The few studies on wine and headache were mostly presented as abs

The few studies on wine and headache were mostly presented as abstracts despite the common knowledge and patients’ complaints about wine ingestion and headache attacks. These studies suggest that red wine, but not white and sparkling

wines, do trigger headache and migraine attacks independently of dosage in less than 30% of the subjects. Wine, and specifically red wine, is a migraine trigger. Non-migraineurs may have headache attacks with wine ingestion as well. The reasons for that triggering potential are uncertain, but the presence of phenolic flavonoid radicals and the potential for interfering with the central serotonin MG132 metabolism are probably the underlying mechanisms of the relationship between wine and headache. Further controlled studies PD0332991 supplier are necessary to enlighten this traditional belief. The idea of dietary migraine or the triggering of migraine attacks with food and beverages has long been disseminated. In 1778, Fothergill first described headache attacks after the ingestion of specific dietary factors, but the variability of clinical presentations among and within migraine and non-migraine sufferers has cast doubts about the real existence of such entity.[1, 2] Particularly with regards to wine, medicine has been imaginative in correlating its consumption

with bad and good consequences throughout the centuries, with the first references about a possible relationship between wine and medicine in Mesopotamia 7000 years B.C.[3, 4] When wine making arrived in ancient Greece, it was enjoyed by the whole spectrum of society, and became a popular Venetoclax nmr theme in literature, religion, leisure, medicine, and mythology.
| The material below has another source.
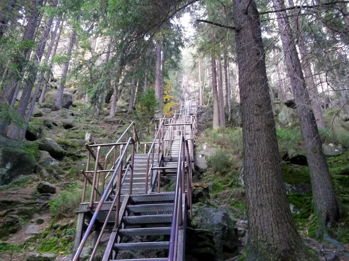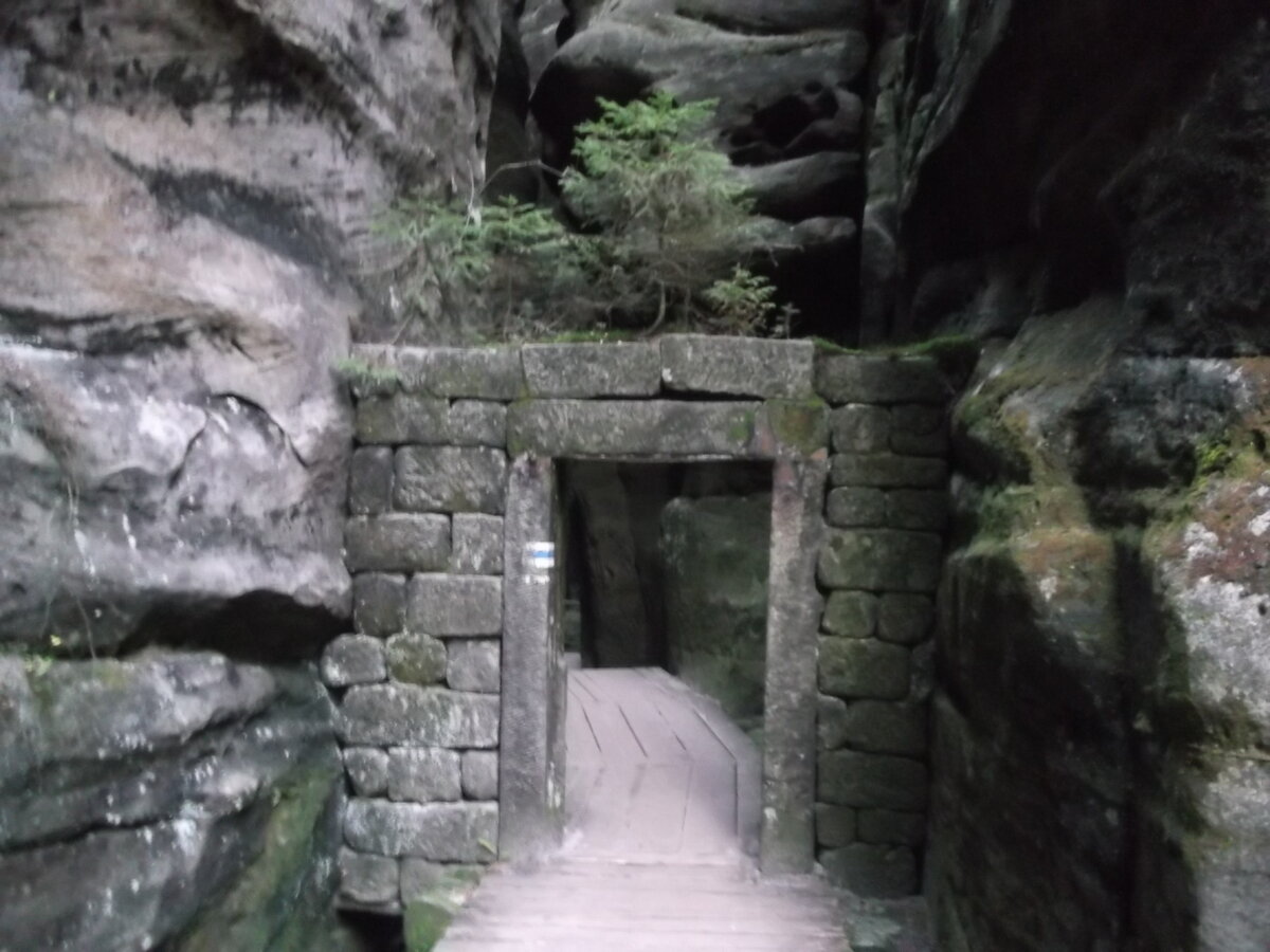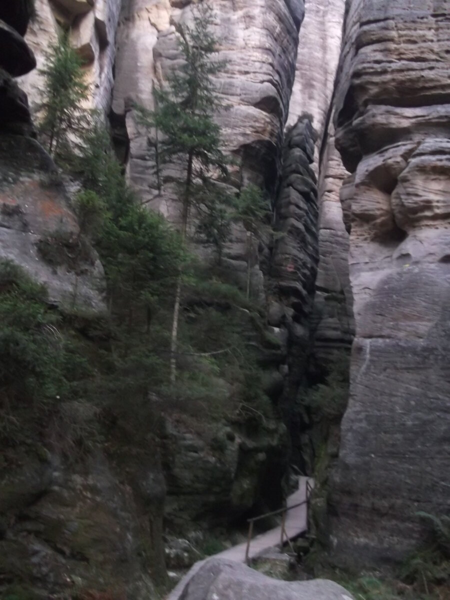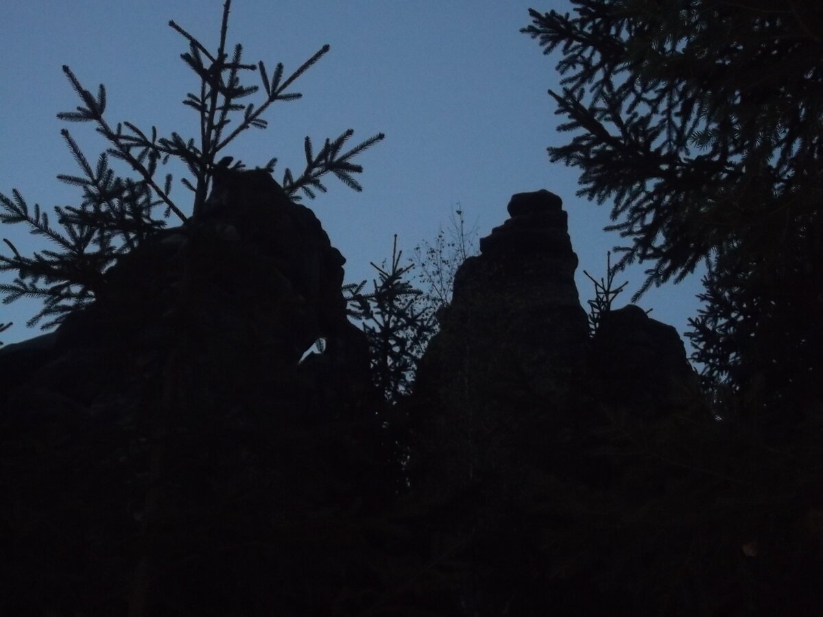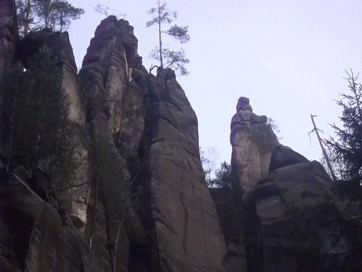 ТЕПЛИЦКИЕ СКАЛЫ - Teplické Rok město. Окончание. Обе части этого каменного заповедника соединяет Волчье ущелье с пешей тропой, однако пользуются ею в основном знатоки пешего туризма, и даже проводники лишний раз не рискуют по ней водить своих клиентов, предпочитая в основном переезжать на транспорте между входами, и следовать только лишь обозначенными в путеводителе маршрутами. После обеда Влад снова спросил - едем ли мы дальше? Впору было сказать, что устала, но жажда приключений не отпускала. Уйти с полпути было не по правилам игры. Световой день был практически на излете, и очень скоро заповедник и всех на его дорожках, ждала кромешная мгла. Огромные деревья не пропускали ни луча света на песчаные дорожки. Это было заметно в Адршпахе на отдельных участках и каньоне Сибирь со скалами-великанами. Та же история повторилась в Теплице на Метуи, причем с самого начала пешеходной тропы. Оставив машину на парковке на входе в Теплицкую часть, Влад взял с собой фонарик из машины и сразу предупредил, что возвращаться мы будем в полной темноте, весь трек не пройдем-не успеем и вернемся сразу же, как только начнут сгущаться сумерки, чтобы успеть спустится по влажным и мшистым булыжникам скалистого склона. Естественно, ходить в лес и скалы на ночь глядя, мне не приходилось. И смутно представлялась эта самая грядущая темнота, когда еще и намека на вечер не было. Да, время для меня остановилось и больше не работало в этом отдаленном от цивилизации регионе. Я была счастлива, что получилось добраться из Праги, и просила его только об одном - чтобы ни случилось на прогулке - донести и вернуть меня обратно, в пансион к пану Ярославу. Только представьте себе, что первые посетители пришли в этот заповедник в 1739 году!!!, и с тех самых пор не зарастает народная тропа в Адршпах и Теплице. По ней гуляли разбойники и авантюристы, поэты и художники, императоры и конечно же ТУРИСТЫ, которые всякий раз, оставляли на стенах скального города свои автографы. Приезжали неоднократно и киношники, ибо на мой субъективный взгляд, лучшей локации для натурных съемок сказок не найти во всей Европе. В ареале заповедника разрешен лицензированный альпинизм. Но судите сами, коли каждый год увеличивается количество памятных табличек в мемориальной часовне, кто будет покорять вершины комплекса? Не гранитного, и не каменного, на минуточку, а песчаного. Когда каждый уступ на высоте может стать последней секундой жизни? Одну такую семью скалолазов я встретила под скалой в Аршпахе. Они готовились к восхождению, имея рядом с собой маленьких детей. Отчаянные люди. Сказочность здесь действительно уступает место реальности, и не потому, что наступает вечер. Первозданности природы больше, и гораздо меньше чувствуется присутствие человека, вот как-то туда он не слишком проник, хотя все это рядом и очень близко буквально три-пять километров. Выглядки-смотровые площадки в скалах тоже были, но на такие подъемы уже не оставалось ни единого шанса. Чем дальше тем сказочней становилась местность, усыпанная гигантскими валунами на склонах среди высоченных деревьев. Один из главных теплицких порталов стал завершающим в осмотре и стоило поторапливаться, чтобы выбраться из каменного лабиринта Обнимашки на прощание и пора бежать в настоящее. Так интересно, что же там было дальше? До чего дойти не удалось??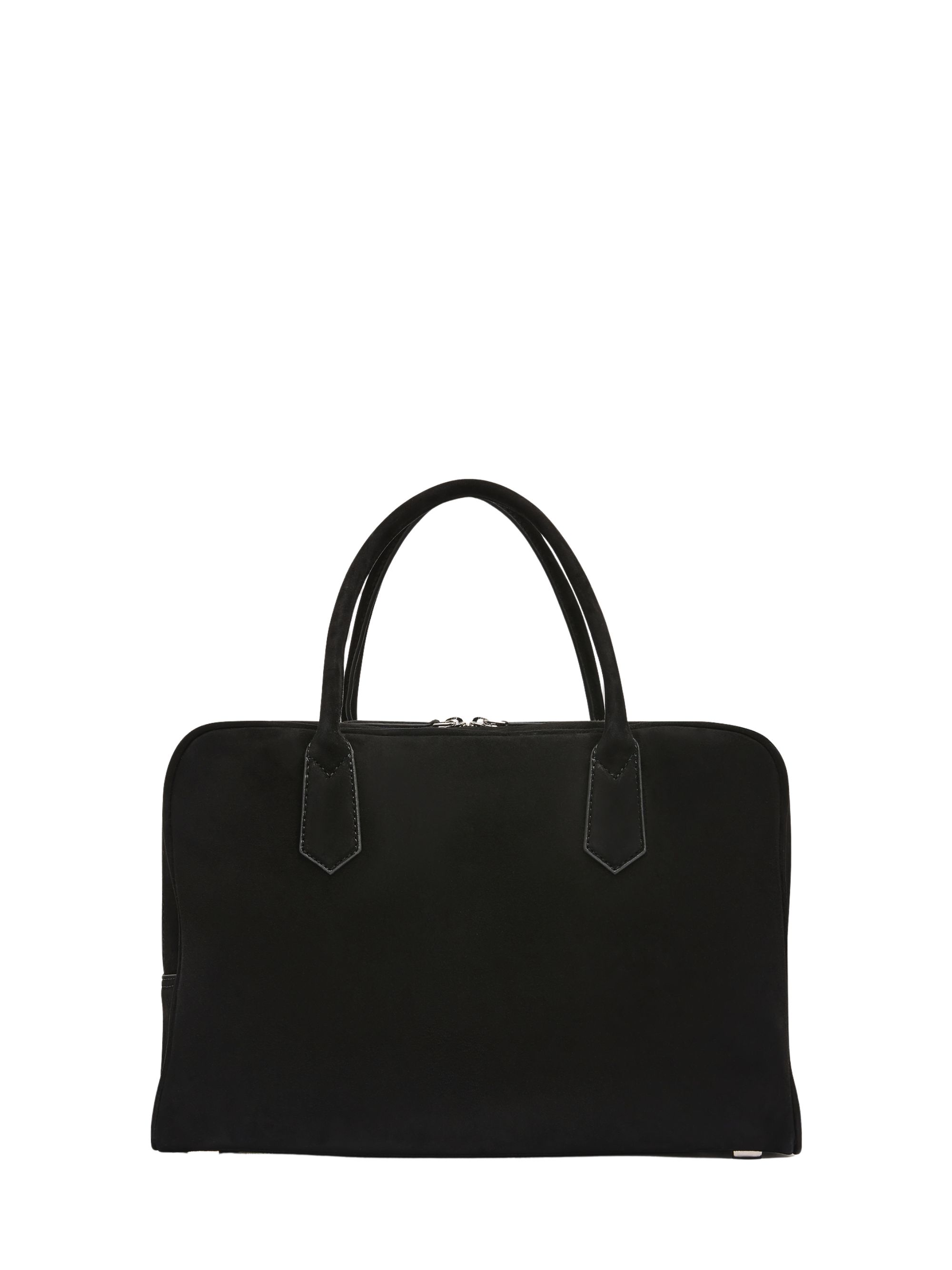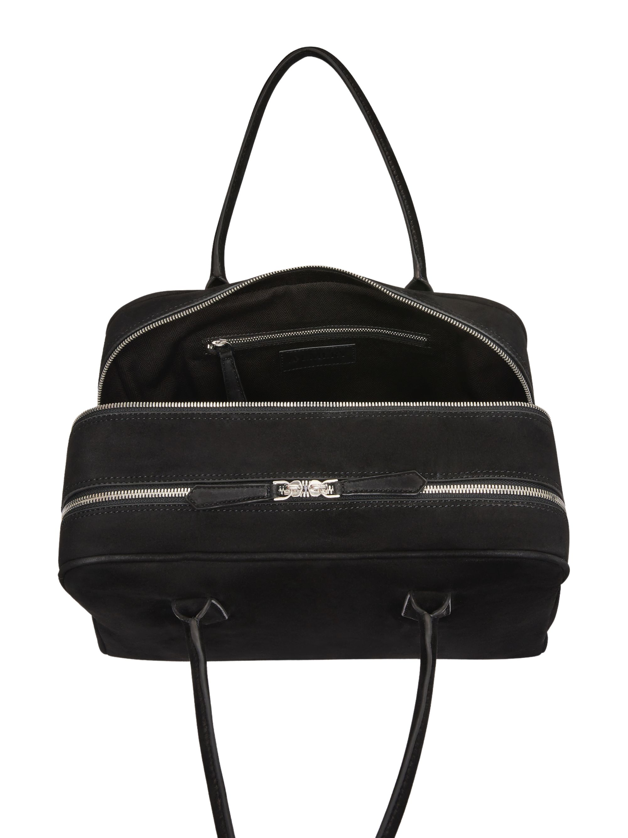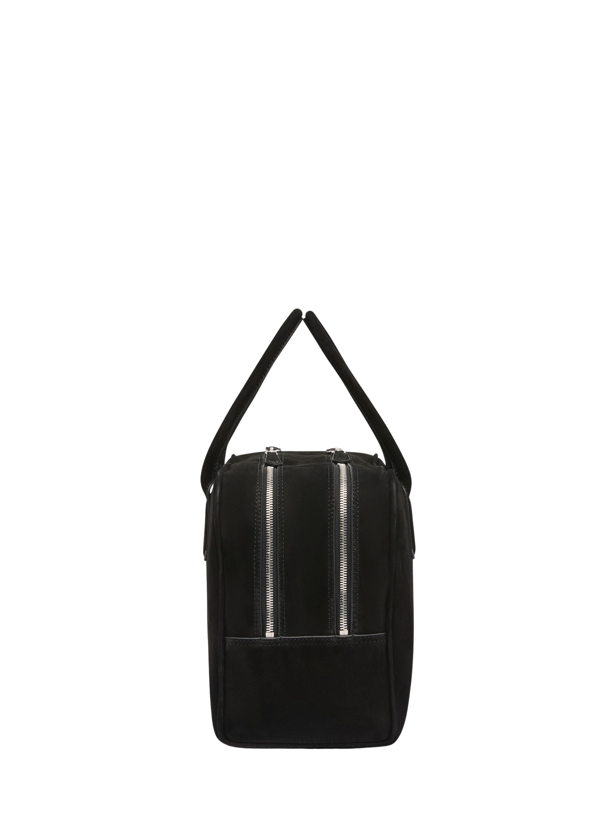Talbot bag by A.EMERY in black suede featuring a square silhouette, two internal compartments, a tubular shoulder strap, lining in fine cotton twill, and a zip closure. Dimensions: 38x24x16 cm.

Hippocrates promoted wine as part of a healthy diet. He also claimed that wine was good for disinfecting wounds, as well as a liquid in which medications could be mixed and taken more easily by patients. Hippocrates said wine

should be used to alleviate pain during childbirth, for symptoms of diarrhea, and even lethargy.3-5 Around 1863, a French Corsican chemist called Angelo Mariani developed a beverage containing Bordeaux wine and cocaine (approximately 6 mg of cocaine per fluid ounce of wine). This beverage named Vin Tonique Mariani was suggested as a substitute for opiates and was awarded a Vatican Gold Medal by Pope Leo XIII in addition to an endorsement of its use.[6] Wine’s intrinsic link with the practice of medicine was also featured prominently in the first printed book on wine written by Arnaldus de Villa Nova (circa. 1235-1311 A.D.), a physician, who wrote at length on wine’s benefits for the treatment of many illnesses and conditions, including sinus problems and dementia.[5] For triggering migraine and/or headache attacks, red wine is well known as a trigger and has been so since antiquity when Celsus (25 B.C.-50 A.D.) described pain contracted by drinking wine. Six centuries later, Paul of Aegina (625-690 A.D.